# ID these Plants Please



## fish fanatic (Jul 24, 2007)

This is the 1st plant:

















This is the 2nd plant:


----------



## fish fanatic (Jul 24, 2007)

Thanks for all your time.


----------



## fish fanatic (Jul 24, 2007)

anyone know? I have looked in lots of places


----------



## emc7 (Jul 23, 2005)

Look in house plant lists. The second one sure looks like something my mom has. Maybe a Philodendron?


----------



## SueM (Jan 23, 2004)

Well, the first looks a little to long and leggy to get a full look, but go here..... http://www.plantgeek.net/plantguide.php And submit your picture. I'm sure the plant brains will know. LOL
The second is definitely an Arrowhead "Syngonium podophyllum" it is not a true aquatic plant.

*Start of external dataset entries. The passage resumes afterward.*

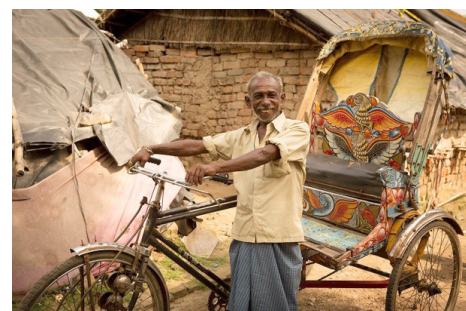
A cured leper now sustains himself
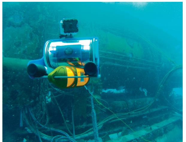
University of Delaware oceanographer Art Trembanis says the accurate GPS data from CastAway CTDs mounted on underwater cameras greatly improved image analysis following the NEEMO 15 and 16 missions.
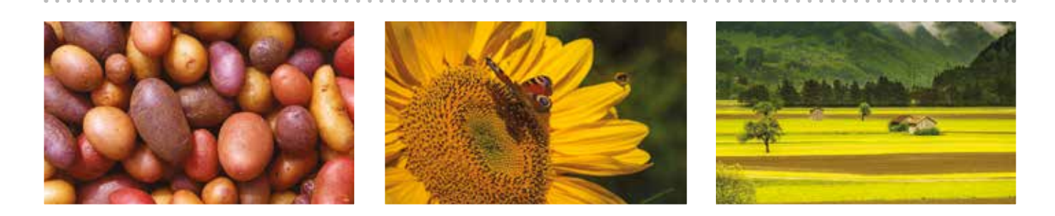
Biodiversity is defined as the diversity within species (genetic diversity), between species and of ecosystems.

Conservation and the sustainable use of biodiversity is an environmental issue and, at the same time, a key requirement for nutrition, production processes, ecosystem services and the overall good quality of life for mankind.
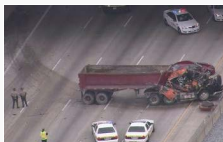
Driver identified in fatal Dan Ryan truck-car...
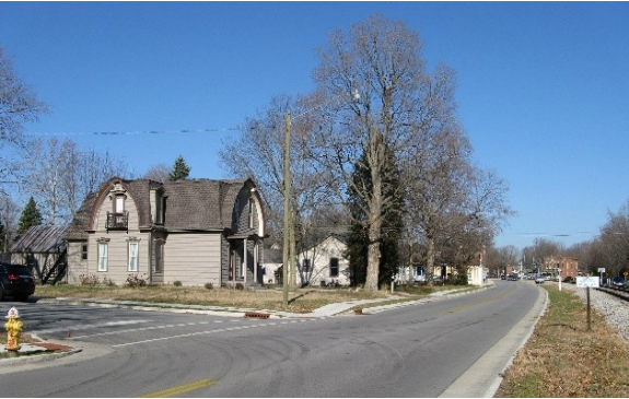
Downtown, Battle Ground

Leave the Memorial turning left onto Railroad Street.
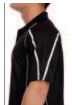
COL B) BLACK / WHITE
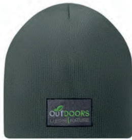
MW1101 MW1101 Double layer beanie. 50% rPET + 50% acrylic, 55 grams.
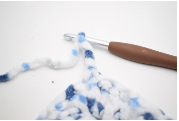
27. Ch4, 1 sc in the 2nd ch from the hook, 1 sc in the last 2 ch.

More of a terrarium plant that likes wet roots. It will eventually die & rot in your tank.


----------



## trashion (Aug 24, 2007)

First one looks to me like Bacopa.


----------



## Guest (Jul 10, 2008)

The first one looks like Bacopa monneri to me, with longer leaves.....but I'm not certain. Another possibility is a Hygrophila species.


----------



## wgama (Dec 20, 2007)

I dont know what the first one is but the second one is an arrowhead plant


----------